Валерий в который раз уже — сейчас уныло, безнадежно, будто большая больная болотная птица, захлопал себя по карманам, как крыльями. Я не нашелся, что сказать ему, вспомнил и о своем собственном «начинании» («А насколько оно, если разобраться, этично? Люди страдают, с ума сходят, а я, видите ли, с них по горячим следам материалы собираю, записку пишу!» — подумал я), никчемно поинтересовался:

— А разве Эль-К с вами на ты?

— Когда как, — скривился он, недовольный моим вопросом. — То есть я-то с ним всегда на вы, а он… когда как… Но вы знаете… с другой стороны… — он начал словно бы оживать, — с другой стороны, ведь это сам Эль-К любит говорить о нравственности ученого, то есть о том, что ученый в поисках чистой истины порою неизбежно преступает какие-то пределы, положенные моралью, а то и законом… Я, к сожалению, не был тогда на вашем ученом совете, но мне рассказывали, я читал стенограмму… Леонардо да Винчи, Кардано, наука при дворах тиранов… Удивительно ярко! На вас произвело впечатление? На меня — огромное!.. Я, знаете ли, часто думаю над этими словами Эль-К. Я ведь, в конце концов… пусть это не покажется вам нескромным…

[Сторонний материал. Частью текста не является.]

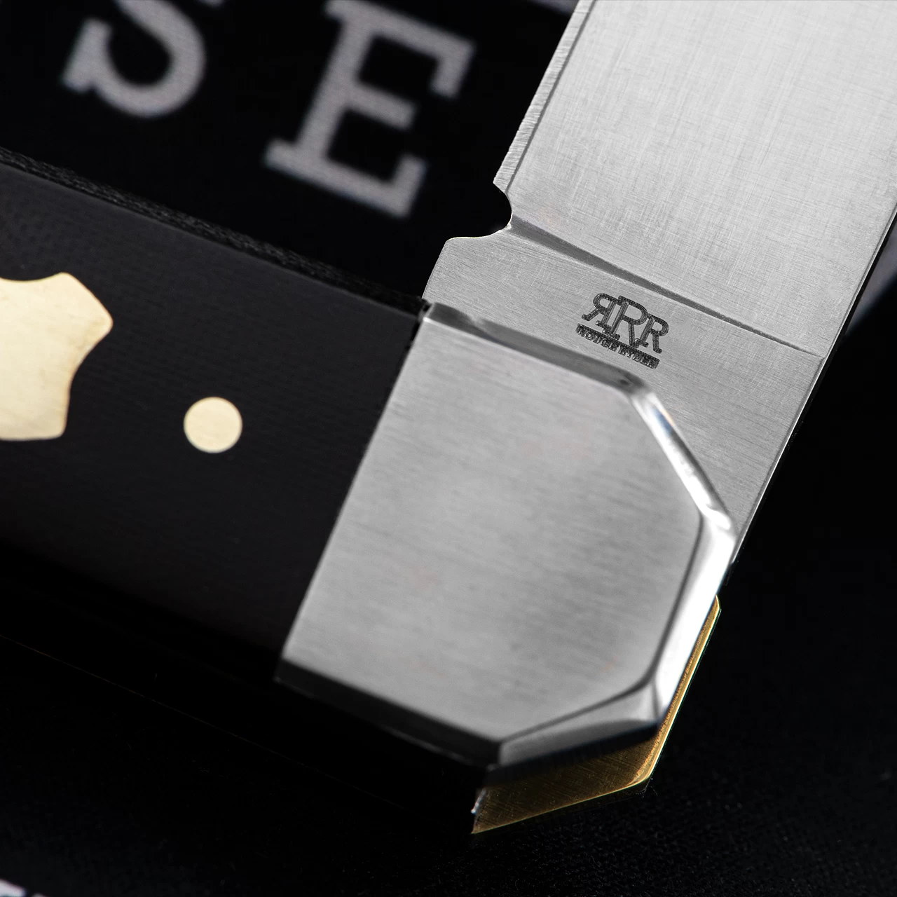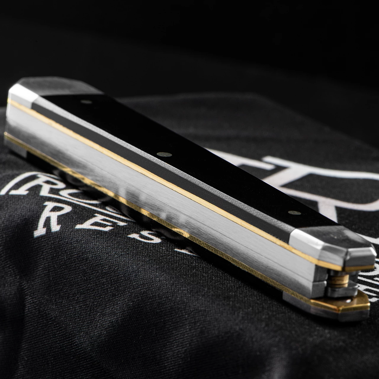 The handles are coffin-shaped black micarta with stainless steel bolsters, brass liners, and a nickel silver shield. It’s 11.4cm (4½”) closed and weighs 100g (3.4oz).

тоже некоторым образом ученый. Хотя Эль-К и позволяет себе скептически прохаживаться на мой счет, но я все-таки полагаю себя ученым! Для меня важна не справедливость, а истина! И мне представляется (Эль-К об этом и говорил тогда), что научный поиск в своей сущностной основе обладает глубочайшей амби… валентностью… Я же часто думаю об этом… А как вы считаете, сам Эль-К в своих изысканиях… когда-нибудь бывал… вынужден… преступить… нарушить?..

17

На другой день Валерий опять появился у меня. Все сомнения, натурально, были уже отброшены (или он сумел основательно убедить себя, что «ради чистой истины…»). Его буквально распирало от избытка информации. Он даже не вспоминал сегодня про вновь позабытую верную трубку — должно быть, у него возникло чувство охотничьего пса, взявшего след, и подсознательно он опасался, что запах табака отобьет ему нюх. Вновь томясь, прижатый у подоконника, я побаивался, что еще одного такого посещения хватит, чтобы мои сослуживицы перестали со мной разговаривать (пересказывать же им концепцию Валерия и тем самым давать пищу для домыслов я не посчитал возможным).

Итак…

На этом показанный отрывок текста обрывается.